> [ASSIGNMENT]:
Your answer must be the lines from the one containing "По данным Вьетнамской" through the last line of the records below, copied exactly, with the pictures left out.

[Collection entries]
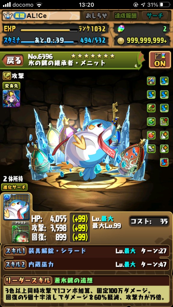 今回はメニットの無効貫通で抜くので火力については一切期待できません。潜在覚醒も適当でいいです。
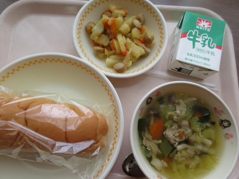 今日の献立 コッペパン ジャーマンポテト 白菜のスープ 牛乳 でした
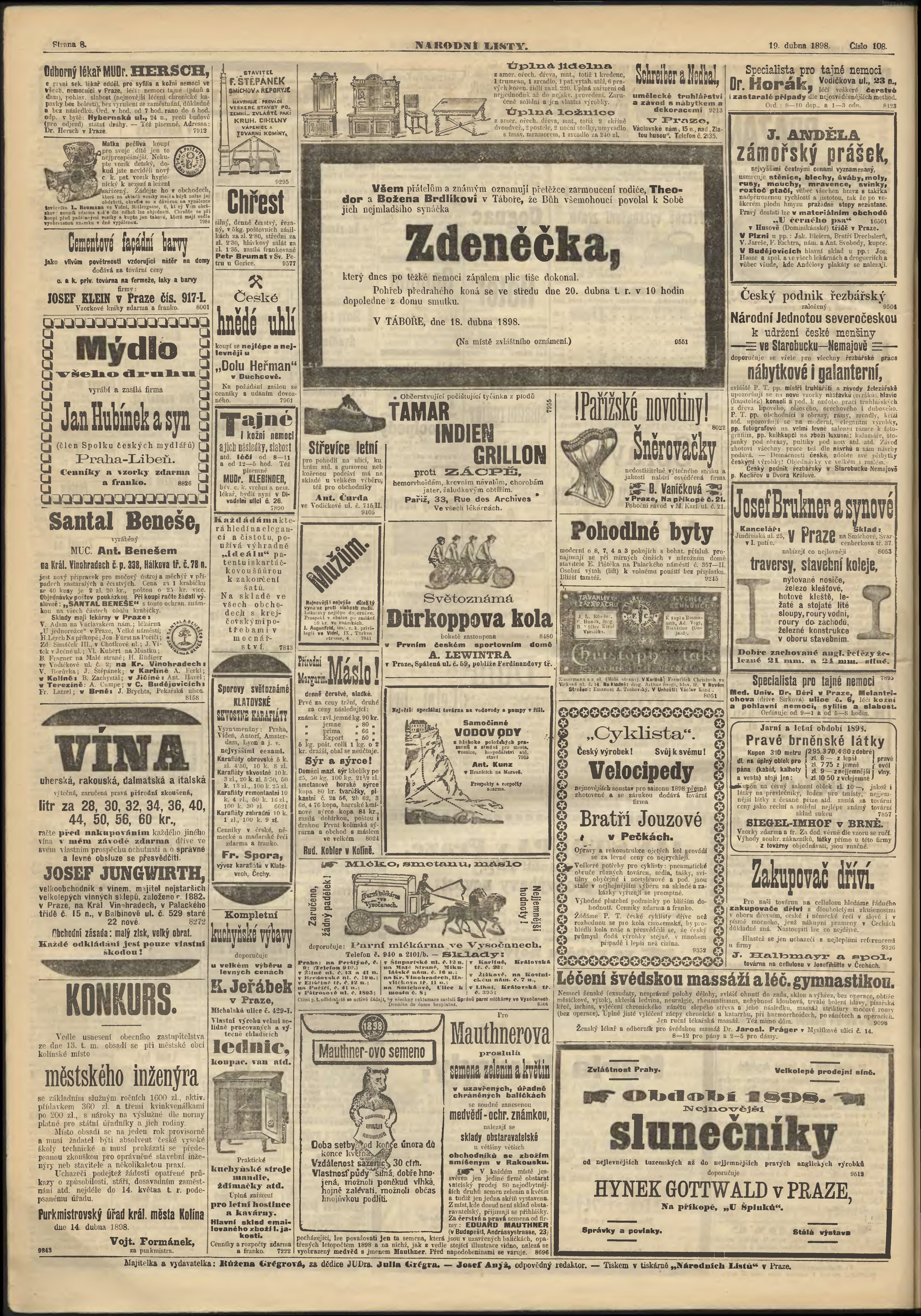 * Datum vydání výtisku: 19.4.1898 Číslo výtisku: 108
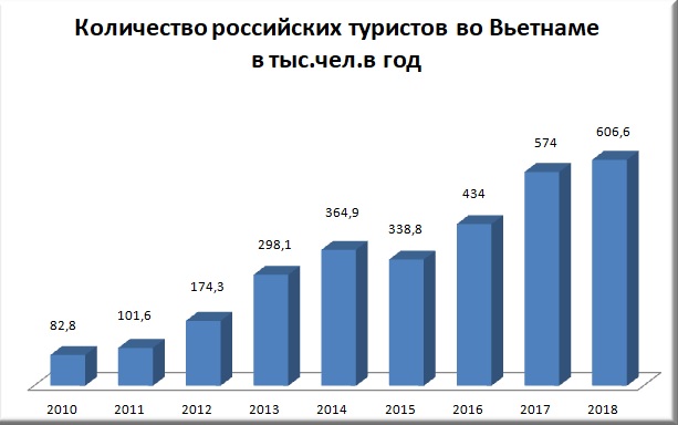 По данным Вьетнамской национальной администрации по туризму (VNAT), за 2018 год в стране зафиксировано 606 637 туристических прибытий из Российской Федерации.
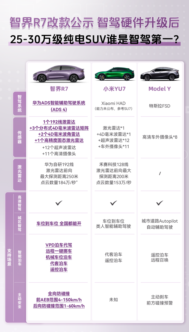 硬件升级只是基础,软件算法的迭代才是智驾体验质变的关键。改款智界R7预计将搭载华为ADS 4。
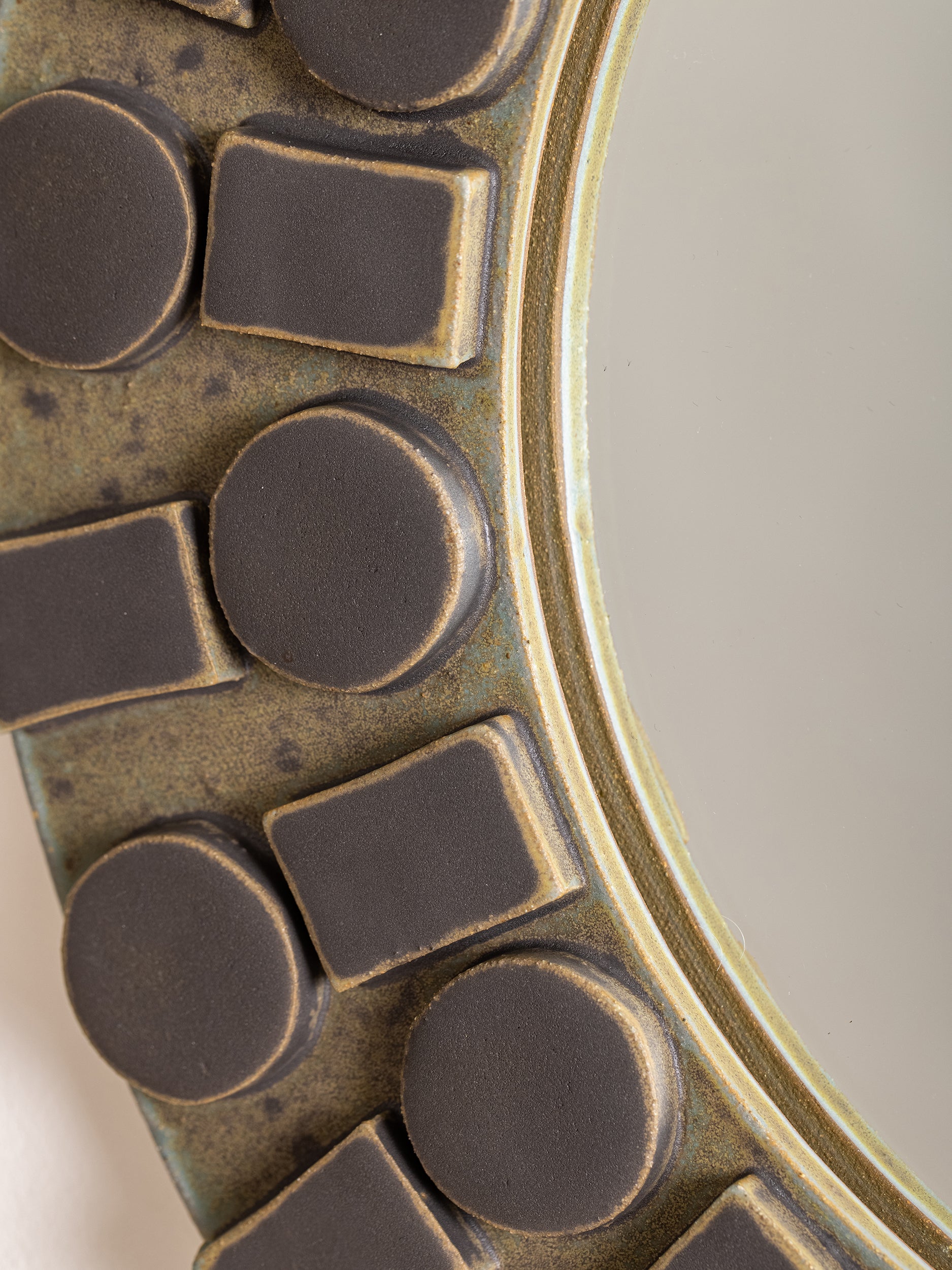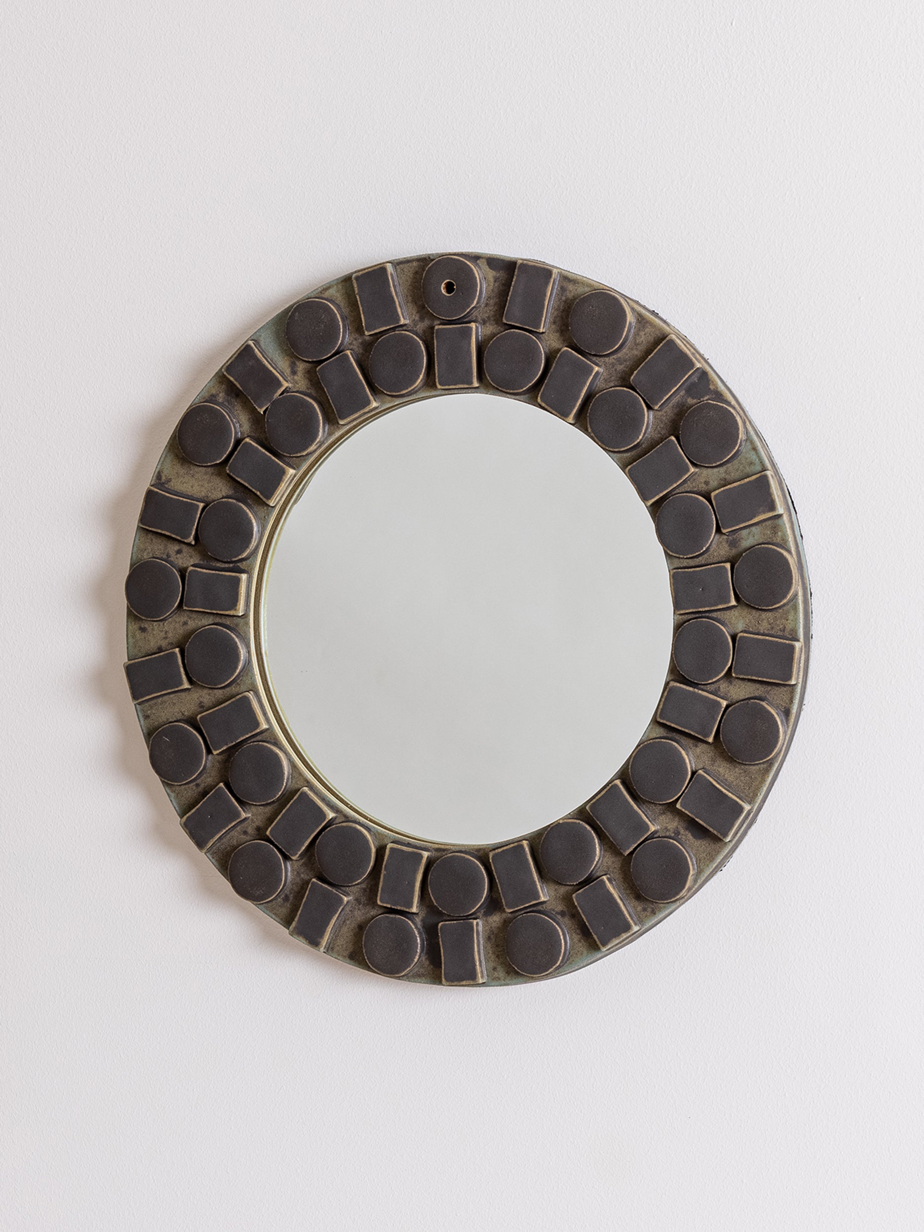 Our stoneware Cirque Wall Mirror is handcrafted using slab-construction techniques.

> [YOUR SOLUTION]:
 По данным Вьетнамской национальной администрации по туризму (VNAT), за 2018 год в стране зафиксировано 606 637 туристических прибытий из Российской Федерации.
 硬件升级只是基础,软件算法的迭代才是智驾体验质变的关键。改款智界R7预计将搭载华为ADS 4。
 Our stoneware Cirque Wall Mirror is handcrafted using slab-construction techniques.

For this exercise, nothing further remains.